Print what the records say exactly, and omit the pictures.

[Items from a data source]

· · · ·

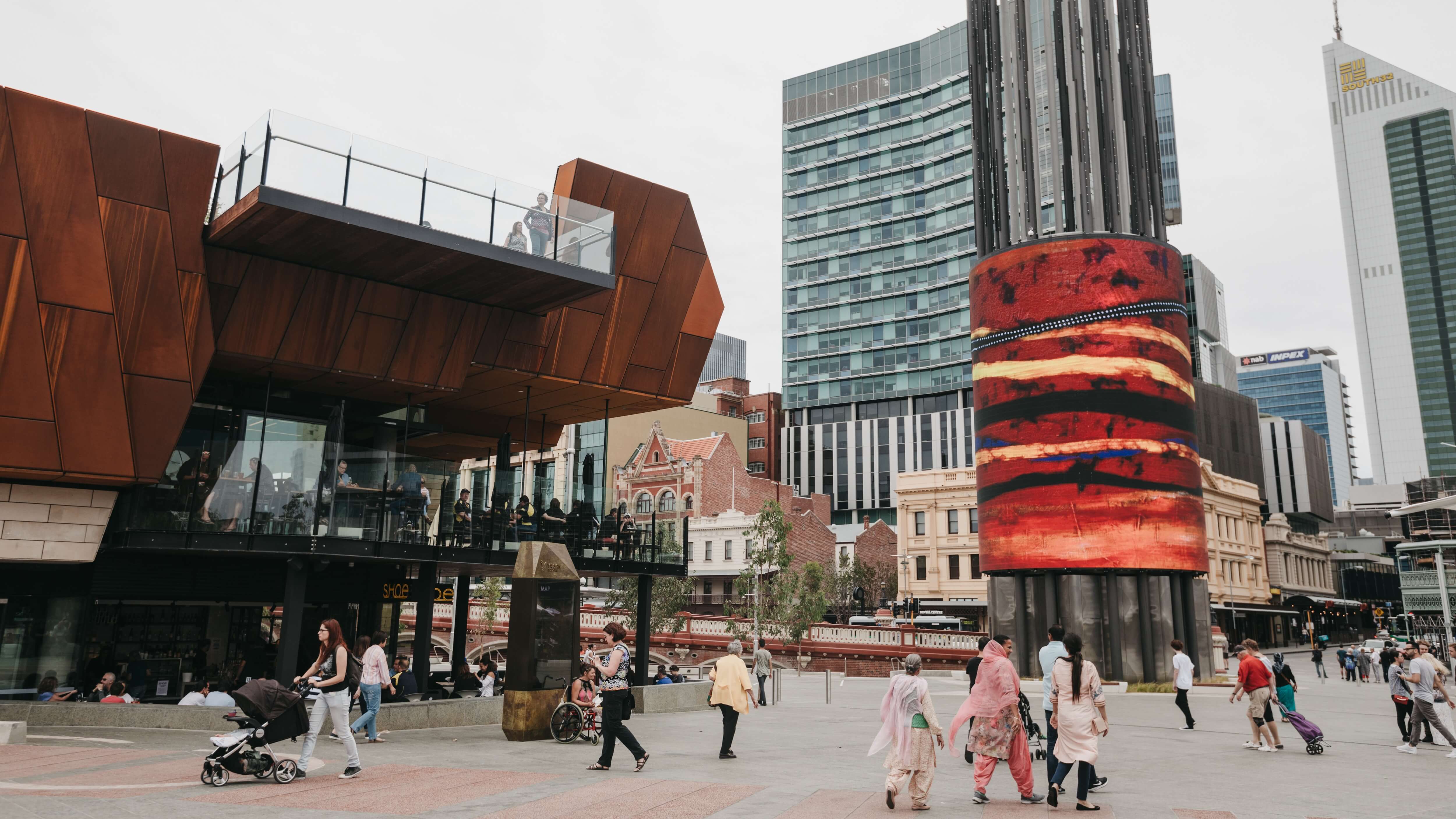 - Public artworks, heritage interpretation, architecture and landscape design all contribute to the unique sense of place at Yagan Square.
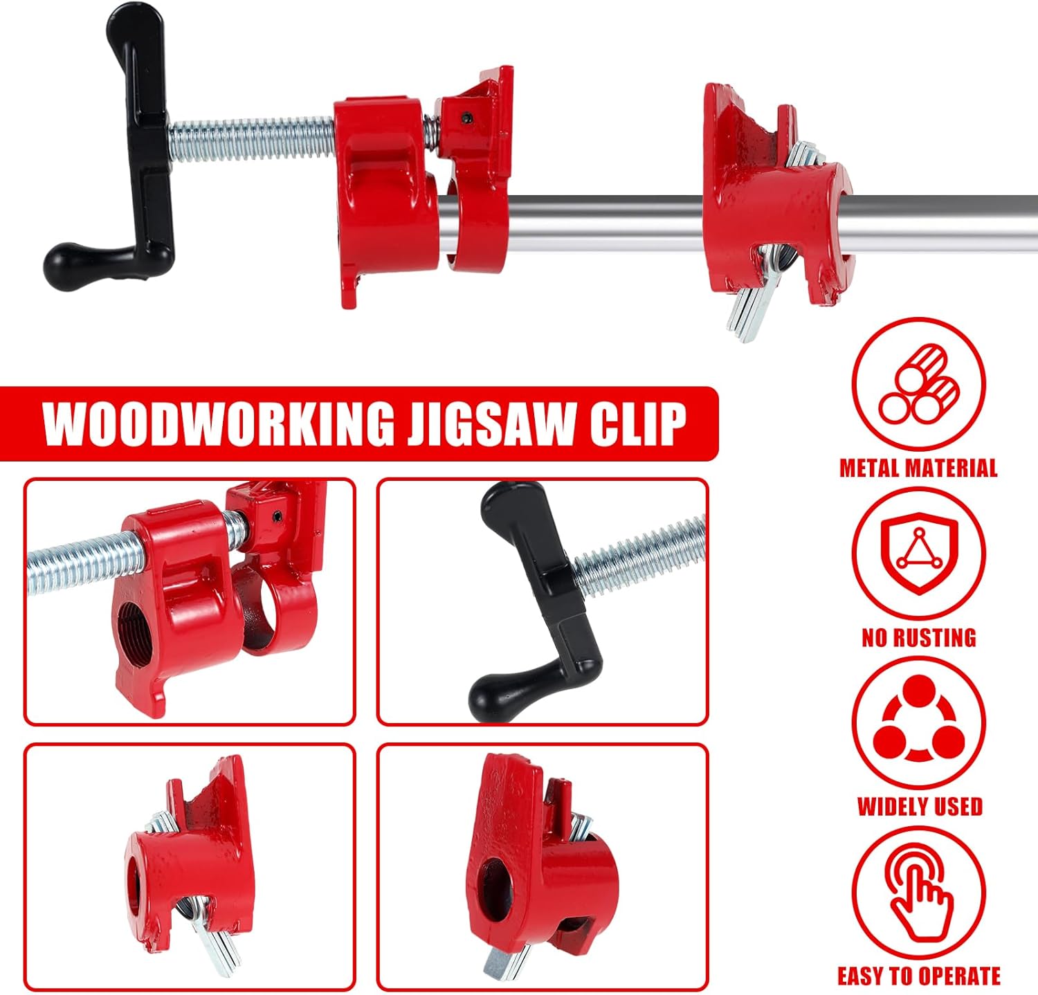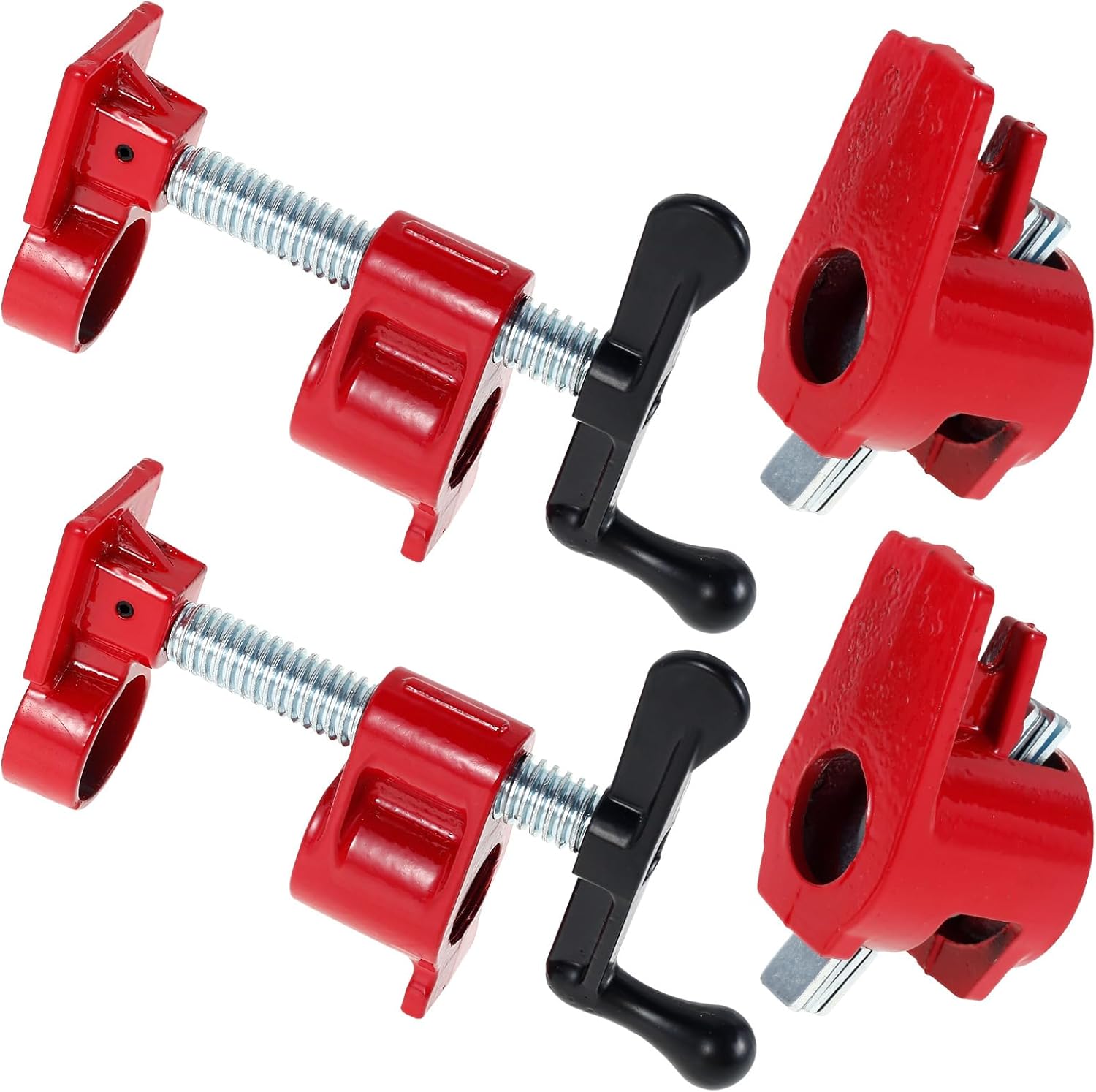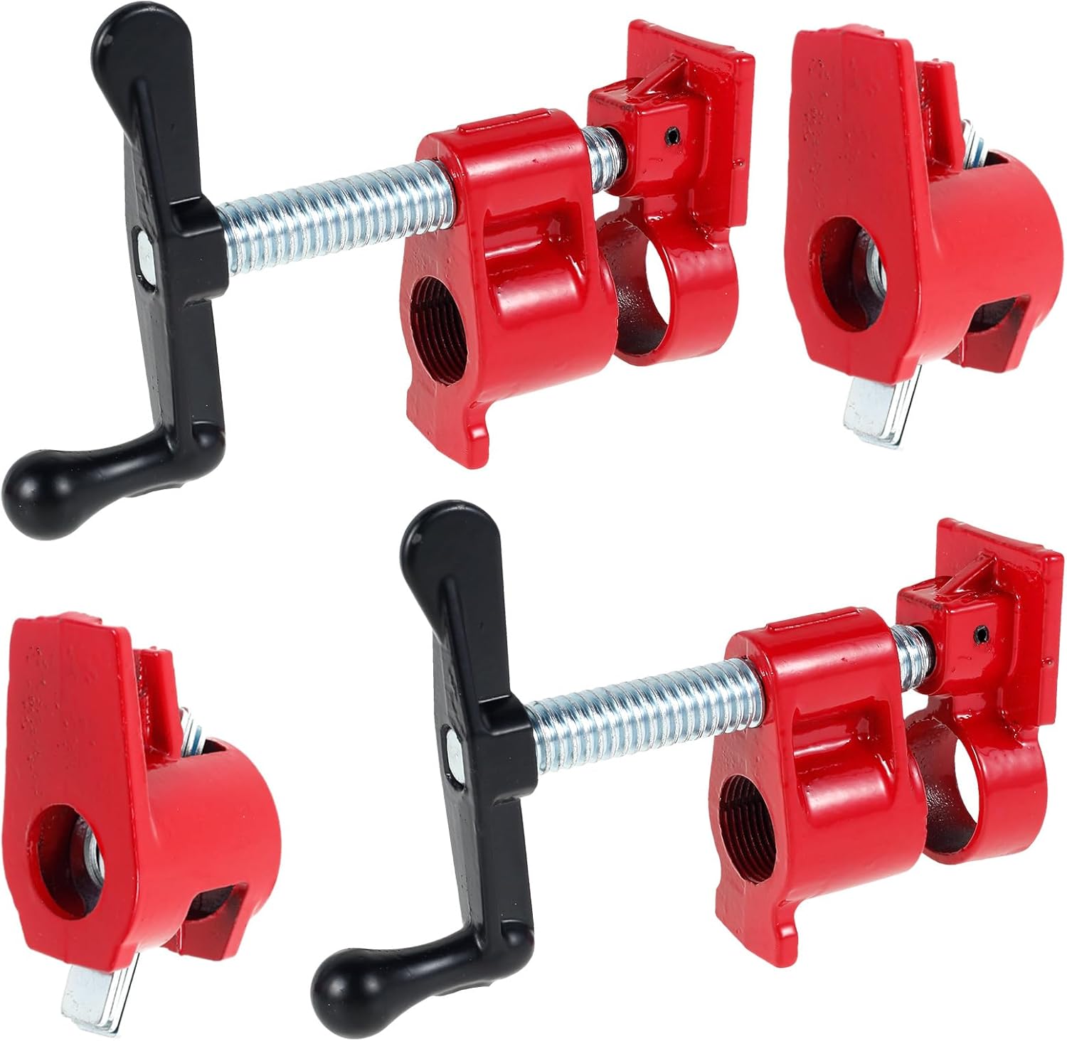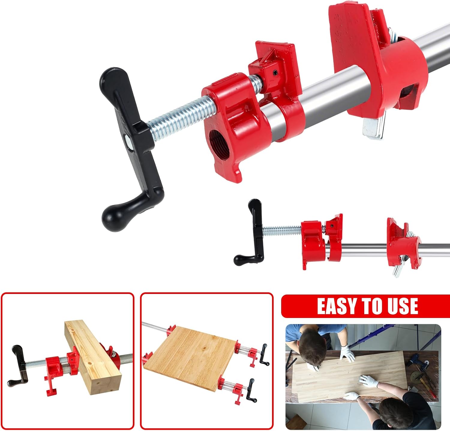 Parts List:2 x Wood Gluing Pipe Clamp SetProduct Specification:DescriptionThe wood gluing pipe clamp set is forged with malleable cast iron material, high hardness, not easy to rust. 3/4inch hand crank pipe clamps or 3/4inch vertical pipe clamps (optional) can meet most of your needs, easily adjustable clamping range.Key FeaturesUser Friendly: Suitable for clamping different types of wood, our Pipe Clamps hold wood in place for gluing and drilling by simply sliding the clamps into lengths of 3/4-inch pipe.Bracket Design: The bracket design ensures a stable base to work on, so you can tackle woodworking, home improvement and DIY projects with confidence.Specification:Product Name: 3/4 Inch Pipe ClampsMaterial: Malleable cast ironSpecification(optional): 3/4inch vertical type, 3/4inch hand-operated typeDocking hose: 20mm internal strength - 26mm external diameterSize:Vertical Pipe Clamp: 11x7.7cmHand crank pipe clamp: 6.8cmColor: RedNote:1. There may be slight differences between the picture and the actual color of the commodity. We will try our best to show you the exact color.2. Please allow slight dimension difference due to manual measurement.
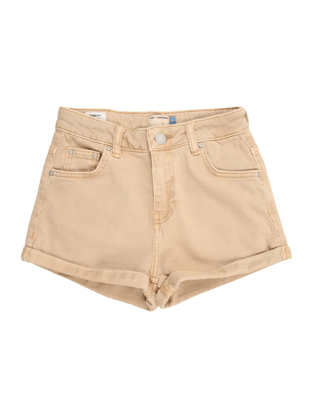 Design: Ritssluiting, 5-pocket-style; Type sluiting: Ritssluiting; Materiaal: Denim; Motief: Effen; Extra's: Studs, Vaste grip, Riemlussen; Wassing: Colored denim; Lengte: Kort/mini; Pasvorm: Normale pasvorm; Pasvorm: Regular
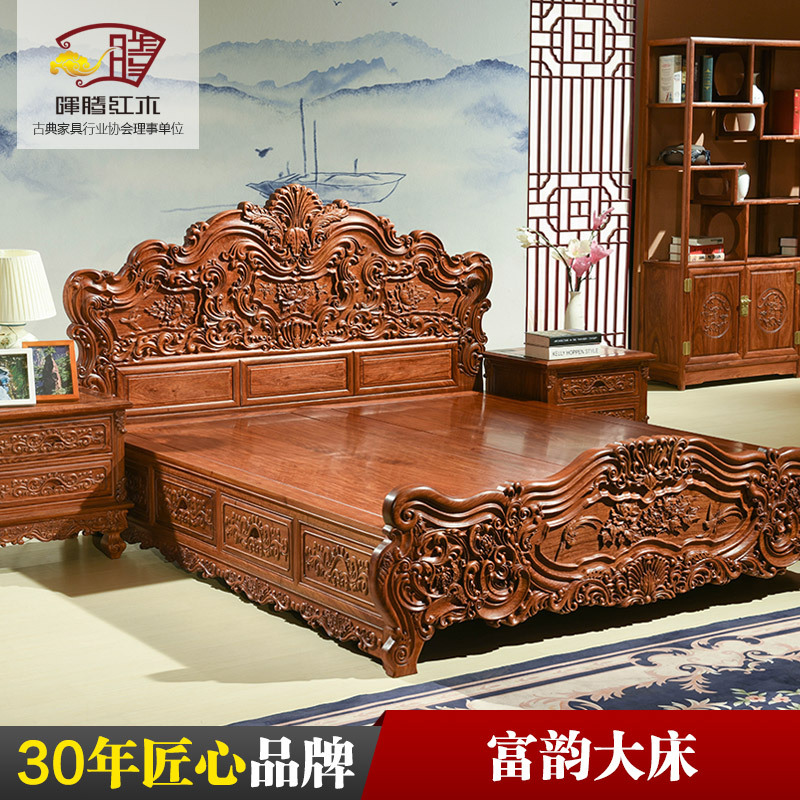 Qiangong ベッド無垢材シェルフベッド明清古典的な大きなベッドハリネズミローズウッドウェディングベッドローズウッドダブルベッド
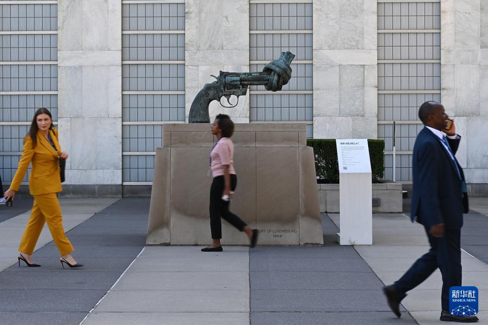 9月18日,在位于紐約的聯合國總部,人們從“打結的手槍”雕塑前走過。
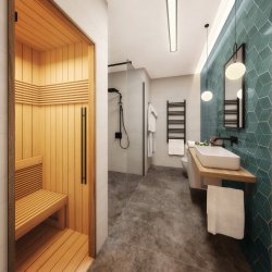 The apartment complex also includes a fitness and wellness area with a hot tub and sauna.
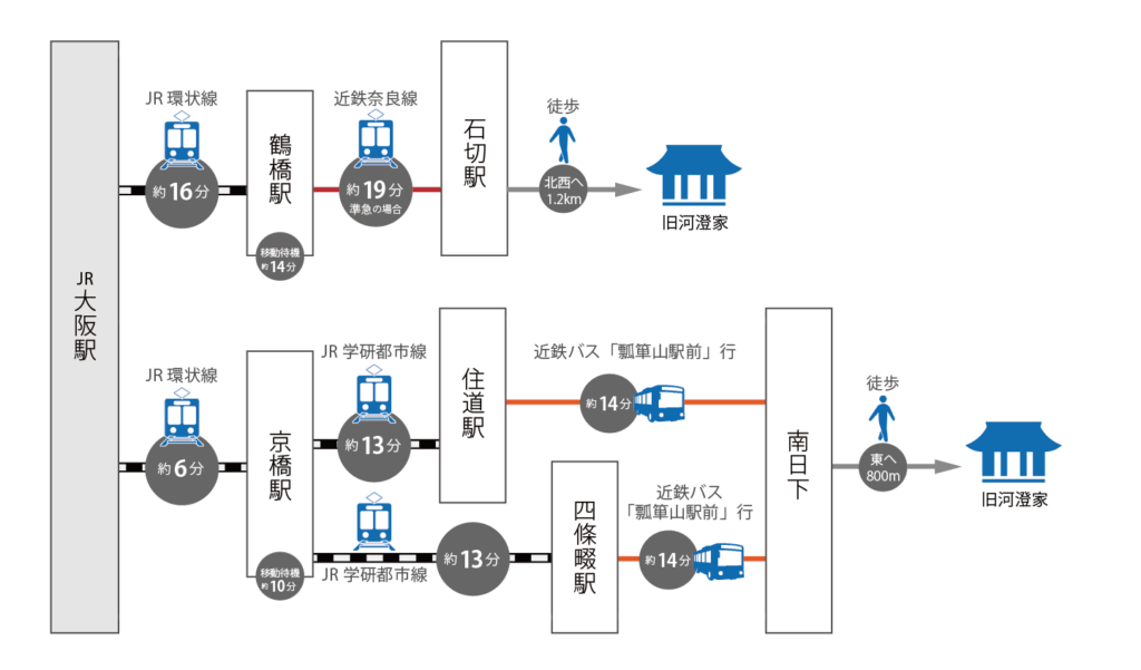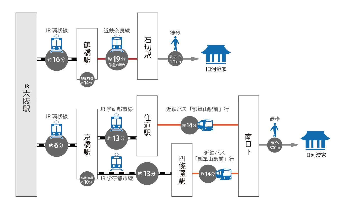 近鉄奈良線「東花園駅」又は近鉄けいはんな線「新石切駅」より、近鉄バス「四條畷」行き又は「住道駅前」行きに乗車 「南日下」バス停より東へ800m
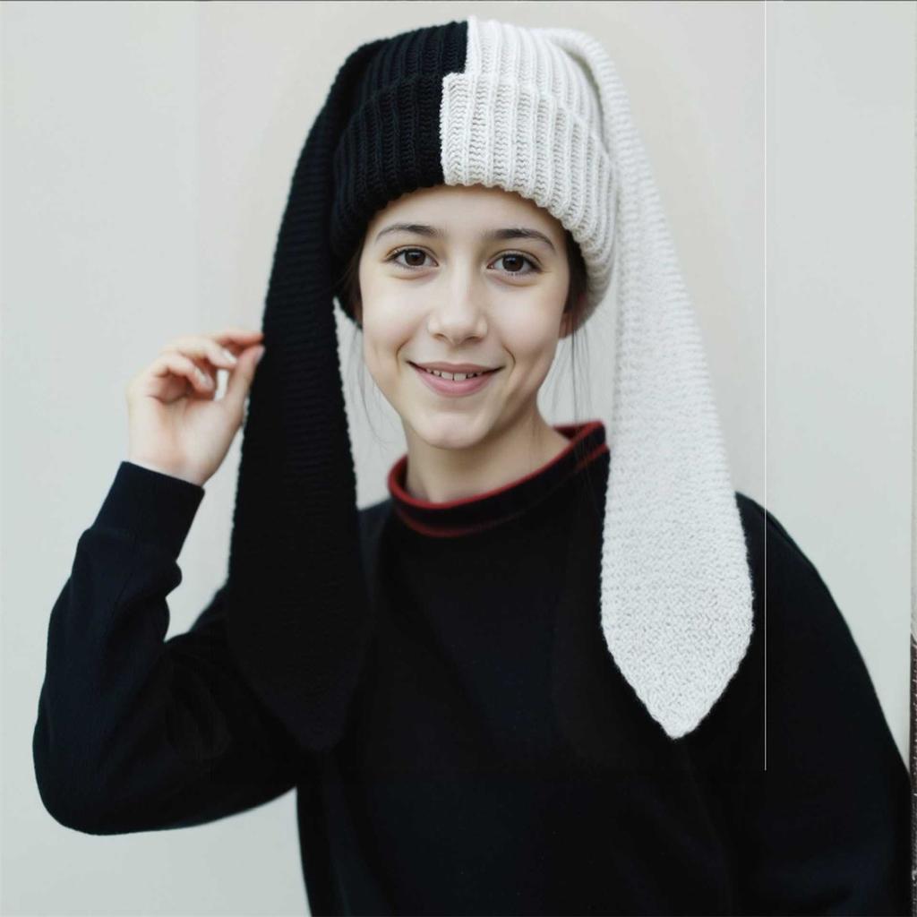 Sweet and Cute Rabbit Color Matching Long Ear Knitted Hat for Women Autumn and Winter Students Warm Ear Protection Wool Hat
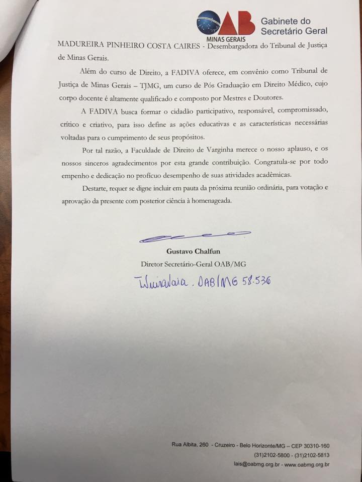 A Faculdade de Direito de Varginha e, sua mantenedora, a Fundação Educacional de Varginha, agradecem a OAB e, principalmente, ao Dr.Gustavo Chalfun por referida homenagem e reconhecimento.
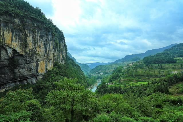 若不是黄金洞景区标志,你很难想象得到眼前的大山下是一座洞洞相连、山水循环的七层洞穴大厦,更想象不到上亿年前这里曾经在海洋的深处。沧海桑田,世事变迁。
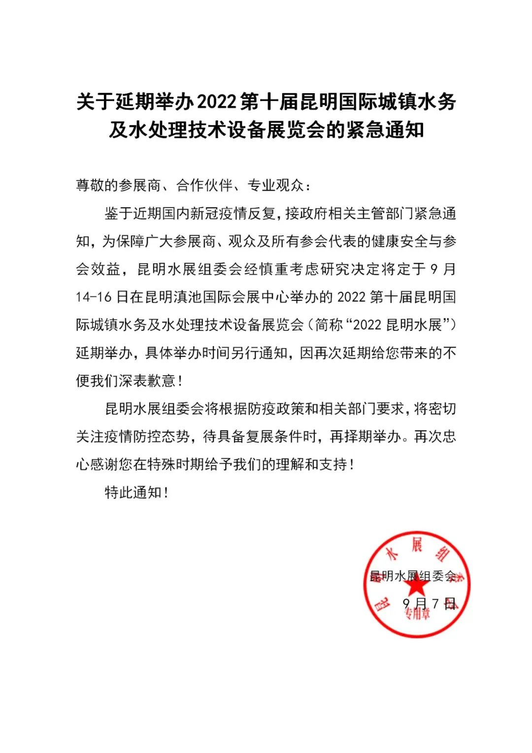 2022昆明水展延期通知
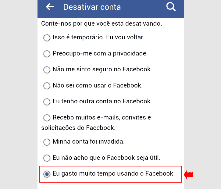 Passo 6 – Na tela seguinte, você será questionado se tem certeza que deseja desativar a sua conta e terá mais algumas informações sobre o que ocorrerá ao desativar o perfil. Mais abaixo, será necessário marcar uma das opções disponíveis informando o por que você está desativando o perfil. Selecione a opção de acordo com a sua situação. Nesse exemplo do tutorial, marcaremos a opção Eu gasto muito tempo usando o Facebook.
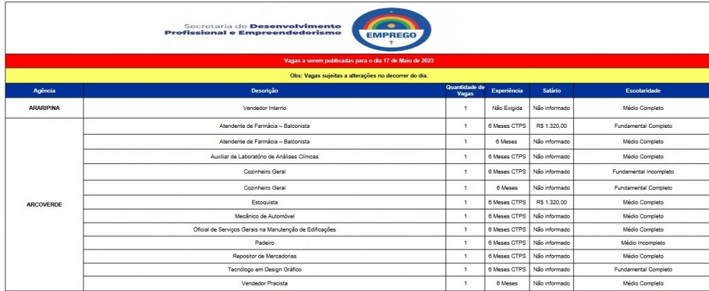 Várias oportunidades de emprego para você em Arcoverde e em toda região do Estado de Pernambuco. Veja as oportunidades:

· · · ·

**Solution for this task:**
 - Public artworks, heritage interpretation, architecture and landscape design all contribute to the unique sense of place at Yagan Square.
 Parts List:2 x Wood Gluing Pipe Clamp SetProduct Specification:DescriptionThe wood gluing pipe clamp set is forged with malleable cast iron material, high hardness, not easy to rust. 3/4inch hand crank pipe clamps or 3/4inch vertical pipe clamps (optional) can meet most of your needs, easily adjustable clamping range.Key FeaturesUser Friendly: Suitable for clamping different types of wood, our Pipe Clamps hold wood in place for gluing and drilling by simply sliding the clamps into lengths of 3/4-inch pipe.Bracket Design: The bracket design ensures a stable base to work on, so you can tackle woodworking, home improvement and DIY projects with confidence.Specification:Product Name: 3/4 Inch Pipe ClampsMaterial: Malleable cast ironSpecification(optional): 3/4inch vertical type, 3/4inch hand-operated typeDocking hose: 20mm internal strength - 26mm external diameterSize:Vertical Pipe Clamp: 11x7.7cmHand crank pipe clamp: 6.8cmColor: RedNote:1. There may be slight differences between the picture and the actual color of the commodity. We will try our best to show you the exact color.2. Please allow slight dimension difference due to manual measurement.
 Design: Ritssluiting, 5-pocket-style; Type sluiting: Ritssluiting; Materiaal: Denim; Motief: Effen; Extra's: Studs, Vaste grip, Riemlussen; Wassing: Colored denim; Lengte: Kort/mini; Pasvorm: Normale pasvorm; Pasvorm: Regular
 Qiangong ベッド無垢材シェルフベッド明清古典的な大きなベッドハリネズミローズウッドウェディングベッドローズウッドダブルベッド
 9月18日,在位于紐約的聯合國總部,人們從“打結的手槍”雕塑前走過。
 The apartment complex also includes a fitness and wellness area with a hot tub and sauna.
 近鉄奈良線「東花園駅」又は近鉄けいはんな線「新石切駅」より、近鉄バス「四條畷」行き又は「住道駅前」行きに乗車 「南日下」バス停より東へ800m
 Sweet and Cute Rabbit Color Matching Long Ear Knitted Hat for Women Autumn and Winter Students Warm Ear Protection Wool Hat
 A Faculdade de Direito de Varginha e, sua mantenedora, a Fundação Educacional de Varginha, agradecem a OAB e, principalmente, ao Dr.Gustavo Chalfun por referida homenagem e reconhecimento.
 若不是黄金洞景区标志,你很难想象得到眼前的大山下是一座洞洞相连、山水循环的七层洞穴大厦,更想象不到上亿年前这里曾经在海洋的深处。沧海桑田,世事变迁。
 2022昆明水展延期通知
 Passo 6 – Na tela seguinte, você será questionado se tem certeza que deseja desativar a sua conta e terá mais algumas informações sobre o que ocorrerá ao desativar o perfil. Mais abaixo, será necessário marcar uma das opções disponíveis informando o por que você está desativando o perfil. Selecione a opção de acordo com a sua situação. Nesse exemplo do tutorial, marcaremos a opção Eu gasto muito tempo usando o Facebook.
 Várias oportunidades de emprego para você em Arcoverde e em toda região do Estado de Pernambuco. Veja as oportunidades:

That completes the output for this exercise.